要使用这个包,首先下载official java CoreNLP release,解压缩它,然后定义一个环境 指向解压缩目录的变量$CORENLP_HOME

您还可以使用pip install stanford-corenlp

PyPI安装此软件包。

命令行用法

使用这个包最简单的方法可能是通过注释命令行实用程序:

usage: annotate [-h] [-i INPUT] [-o OUTPUT] [-f {json}]
                [-a ANNOTATORS [ANNOTATORS ...]] [-s] [-v] [-m MEMORY]
                [-p PROPS [PROPS ...]]

Annotate data

optional arguments:
  -h, --help            show this help message and exit
  -i INPUT, --input INPUT
                        Input file to process; each line contains one document
                        (default: stdin)
  -o OUTPUT, --output OUTPUT
                        File to write annotations to (default: stdout)
  -f {json}, --format {json}
                        Output format
  -a ANNOTATORS [ANNOTATORS ...], --annotators ANNOTATORS [ANNOTATORS ...]
                        A list of annotators
  -s, --sentence-mode   Assume each line of input is a sentence.
  -v, --verbose-server  Server is made verbose
  -m MEMORY, --memory MEMORY
                        Memory to use for the server
  -p PROPS [PROPS ...], --props PROPS [PROPS ...]
                        Properties as a list of key=value pairs

我们建议结合使用注释和美妙的jq 处理输出的命令。
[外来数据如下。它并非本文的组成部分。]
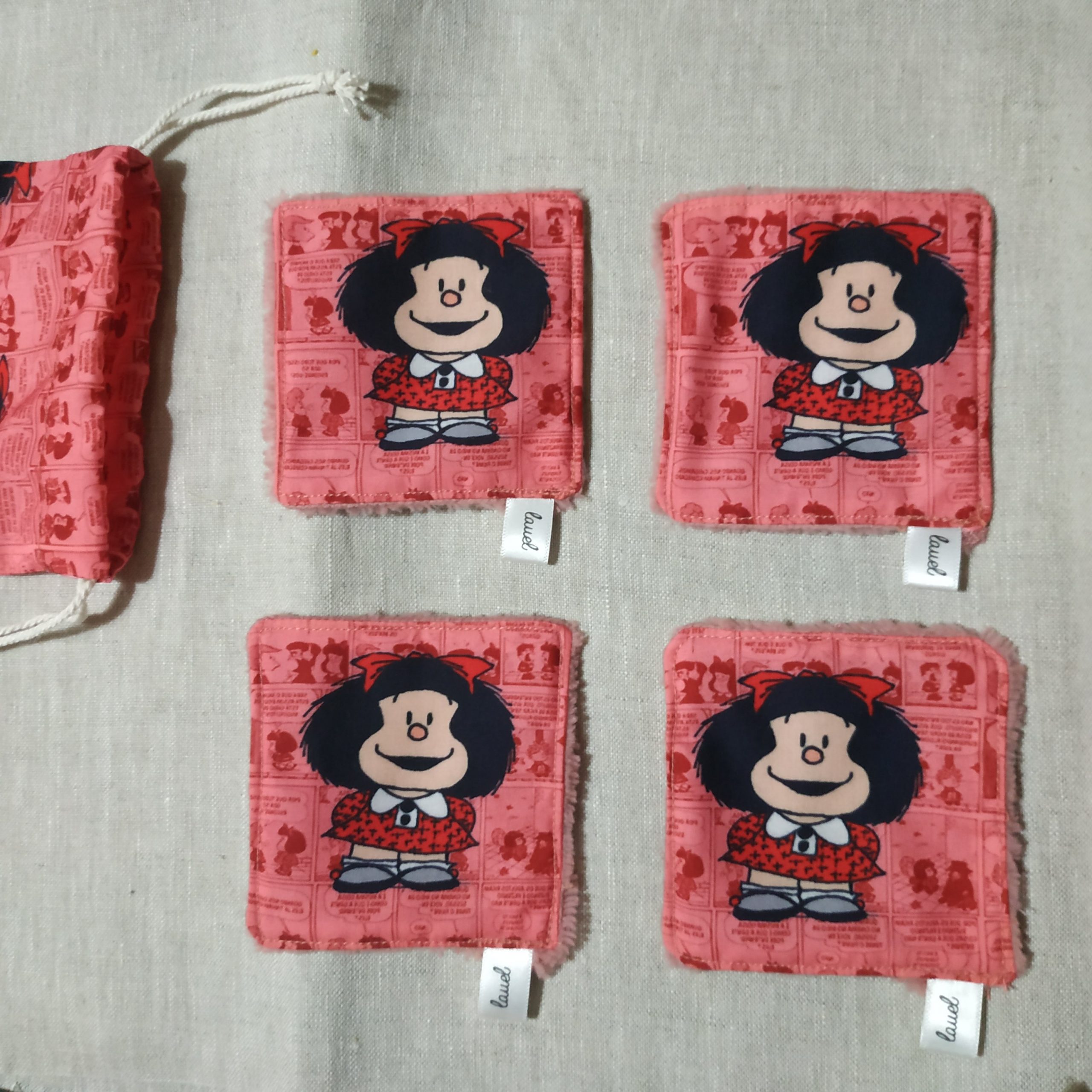 Toallitas desmaquillantes reutilizables hechas con tela de bambú súper suave y algodón. Cero residuo. Cuatro unidades con su bolsita de tela a juego para poder llevar a todas partes.
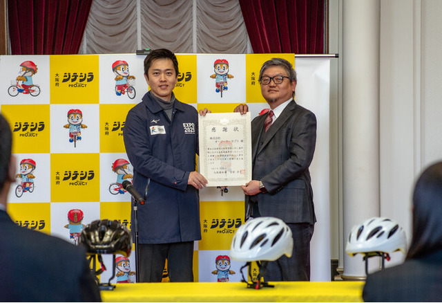また2024年より大阪府民に自転車の安全利用やヘルメット着用等を啓発する取り組み「ジテシラProject」に協力しています。その一環として、2024年12月、大阪府教育委員会に約2000個の自転車用ヘルメットを寄贈。それをうけて2025年1月29日に府庁本館の正庁の間において、大阪府・吉村洋文知事出席のもと「自転車ヘルメット寄贈式および感謝状贈呈式」が執り行われました。
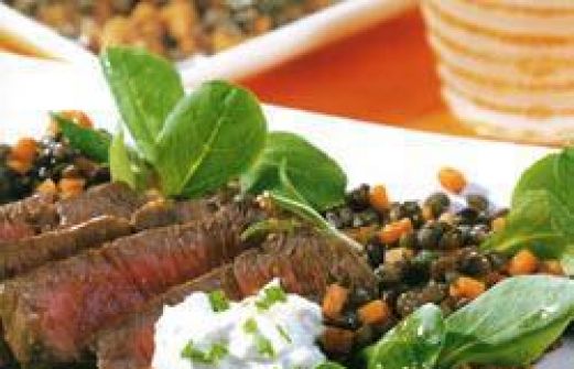 Portionen : 4 1 EL körniger Senf (z.B. aus Meaux) 6 EL Olivenöl schwarzer Pfeffer aus der Mühle 2 Rindersteaks 200 g Puy-Linsen 1 kleiner Zweig frischer Rosmarin 300 ml Kalbsfond 2 Möhren Salz 100 g Feldsalat 2–3 EL Rotweinessig 3 Zweige frischer Thymian [...]
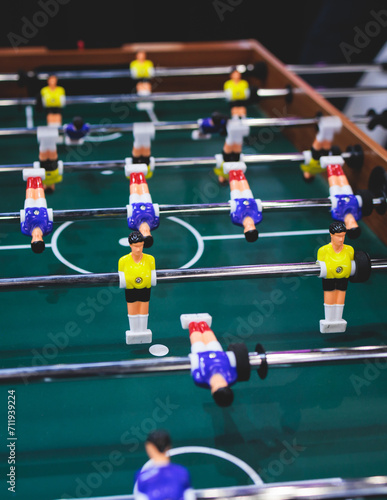 Fototapeta premium Group of friends playing kicker in a sports bar room, colleagues teammates play table football, table soccer game in the office, having fun, tabletop football match competition at work
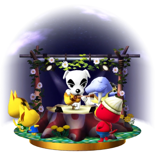 His fans can't wait for Saturday evenings. Why? Because K.K. Slider performs live! The crowd goes wild when K.K. Slider plays some of his greatest hits, like K.K. Samba, K.K. Waltz, and K.K. Stroll, on his acoustic guitar. He sometimes even takes requests! Other days, you can find him spinning tunes at Club LOL as a DJ. Fans of this groovy dog just can't wait for his live show every Saturday night. With his trusty acoustic guitar, he'll treat you to such delights as the K.K. Samba, the K.K. Waltz and the K.K. Stroll. He even takes requests! In Animal Crossing: New Leaf, you can also find him on other days of the week working as a DJ at Club LOL.
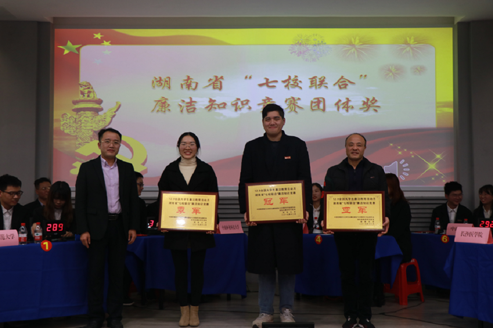 12月6日,12.9全国大学生廉洁教育活动月暨樱花漫画 廉洁教育系列活动之湖南省“七校联合”廉洁知识竞赛在复临舍报告厅举行。来自中南大学、樱花漫画 、湖南师范大学、湖南农业大学、中南林业科技大学、湖南工商大学、长沙医学院的7所省内高校的7支代表队同台角逐。樱花漫画 代表队以372分的优异成绩卫冕冠军。
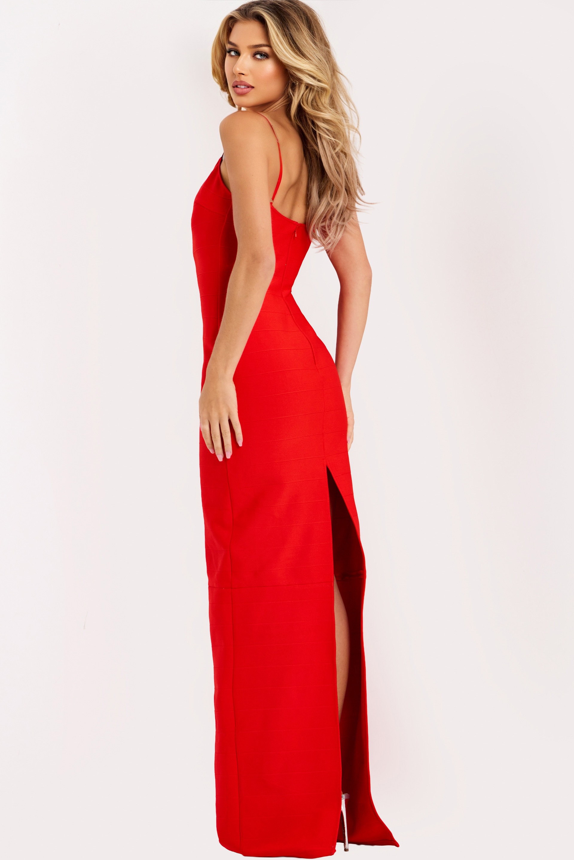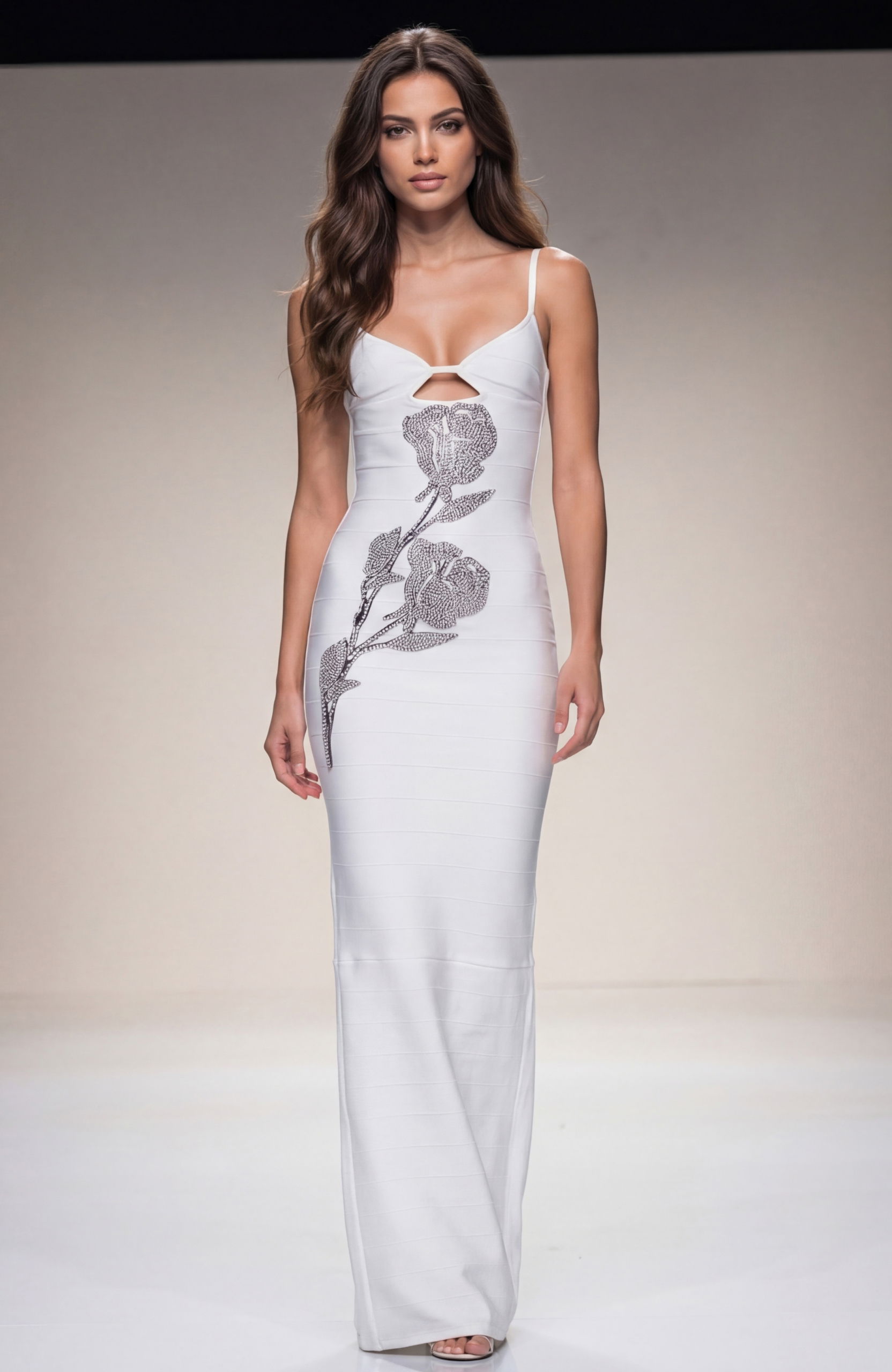 Rhinestone Rose Bodycon Gown with Cutou 50236
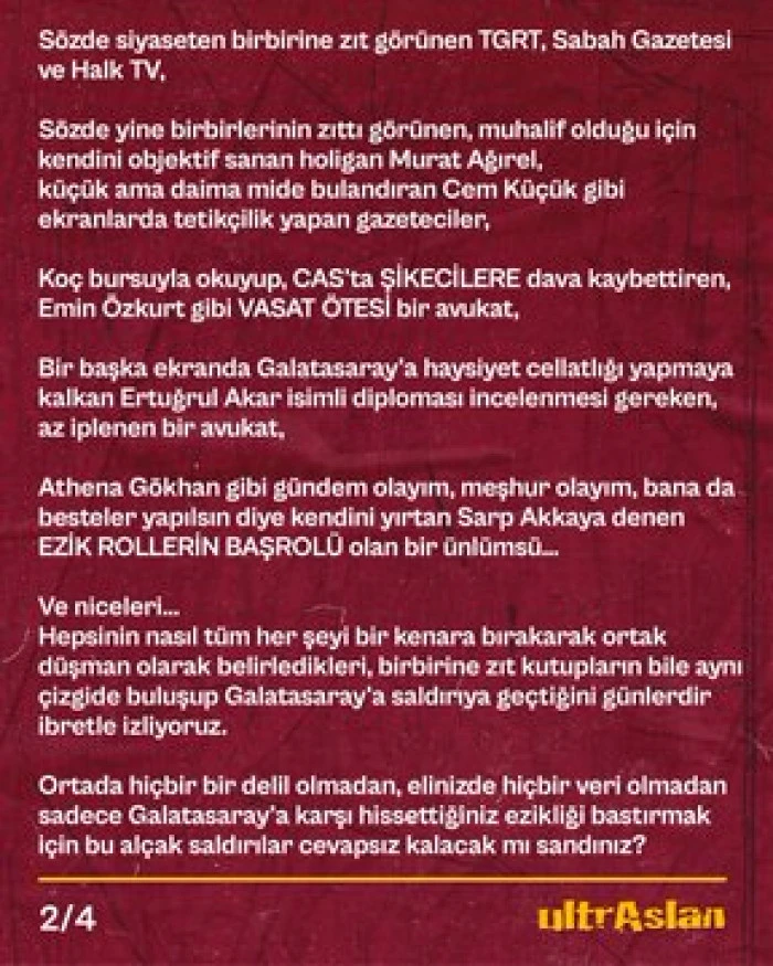 Ortada hiçbir bir delil olmadan, elinizde hiçbir veri olmadan sadece Galatasaray'a karşı hissettiğiniz ezikliği bastırmak için bu alçak saldırılar cevapsız kalacak mı sandınız?
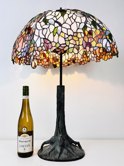 Lampada da tavolo Tiffany molto grande con base a tronco d'albero e paralume a forma di fiore.
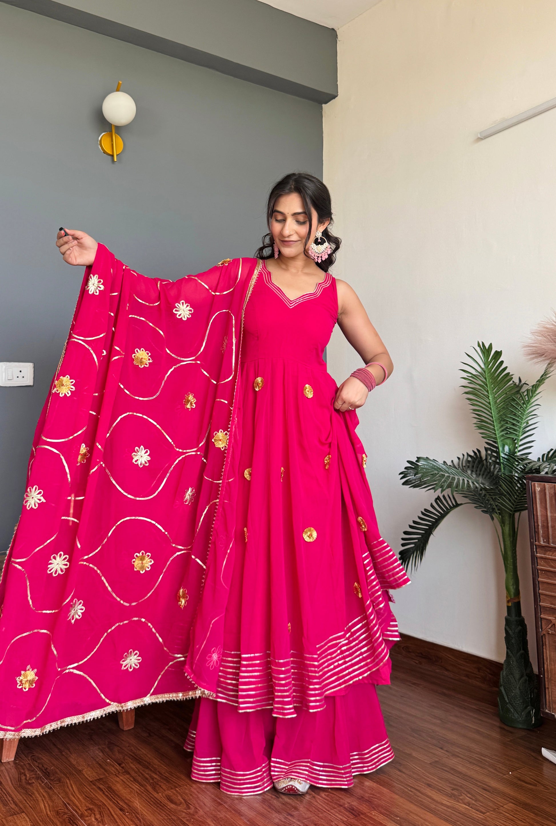 Rani Princess Anarkali is made from georgette in a soft pink shade. It has embroidery that adds detail without weight. The dress has a gentle flare that moves easily when you walk. The fabric is light and feels easy to wear for hours.

例如,给定一个文件 在每行中,下面的命令生成一个等价的 空格分隔标记:

cat file.txt | annotate -s -a tokenize | jq '[.tokens[].originalText]' > tokenized.txt

注释服务器用法

importcorenlptext="Chris wrote a simple sentence that he parsed with Stanford CoreNLP."# We assume that you've downloaded Stanford CoreNLP and defined an environment# variable $CORENLP_HOME that points to the unzipped directory.# The code below will launch StanfordCoreNLPServer in the background# and communicate with the server to annotate the sentence.withcorenlp.CoreNLPClient(annotators="tokenize ssplit pos lemma ner depparse".split())asclient:ann=client.annotate(text)# You can access annotations using ann.sentence=ann.sentence[0]# The corenlp.to_text function is a helper function that# reconstructs a sentence from tokens.assertcorenlp.to_text(sentence)==text# You can access any property within a sentence.print(sentence.text)# Likewise for tokenstoken=sentence.token[0]print(token.lemma)# Use tokensregex patterns to find who wrote a sentence.pattern='([ner: PERSON]+) /wrote/ /an?/ []{0,3} /sentence|article/'matches=client.tokensregex(text,pattern)# sentences contains a list with matches for each sentence.assertlen(matches["sentences"])==1# length tells you whether or not there are any matches in thisassertmatches["sentences"][0]["length"]==1# You can access matches like most regex groups.matches["sentences"][1]["0"]["text"]=="Chris wrote a simple sentence"matches["sentences"][1]["0"]["1"]["text"]=="Chris"# Use semgrex patterns to directly find who wrote what.pattern='{word:wrote} >nsubj {}=subject >dobj {}=object'matches=client.semgrex(text,pattern)# sentences contains a list with matches for each sentence.assertlen(matches["sentences"])==1# length tells you whether or not there are any matches in thisassertmatches["sentences"][0]["length"]==1# You can access matches like most regex groups.matches["sentences"][1]["0"]["text"]=="wrote"matches["sentences"][1]["0"]["$subject"]["text"]=="Chris"matches["sentences"][1]["0"]["$object"]["text"]=="sentence"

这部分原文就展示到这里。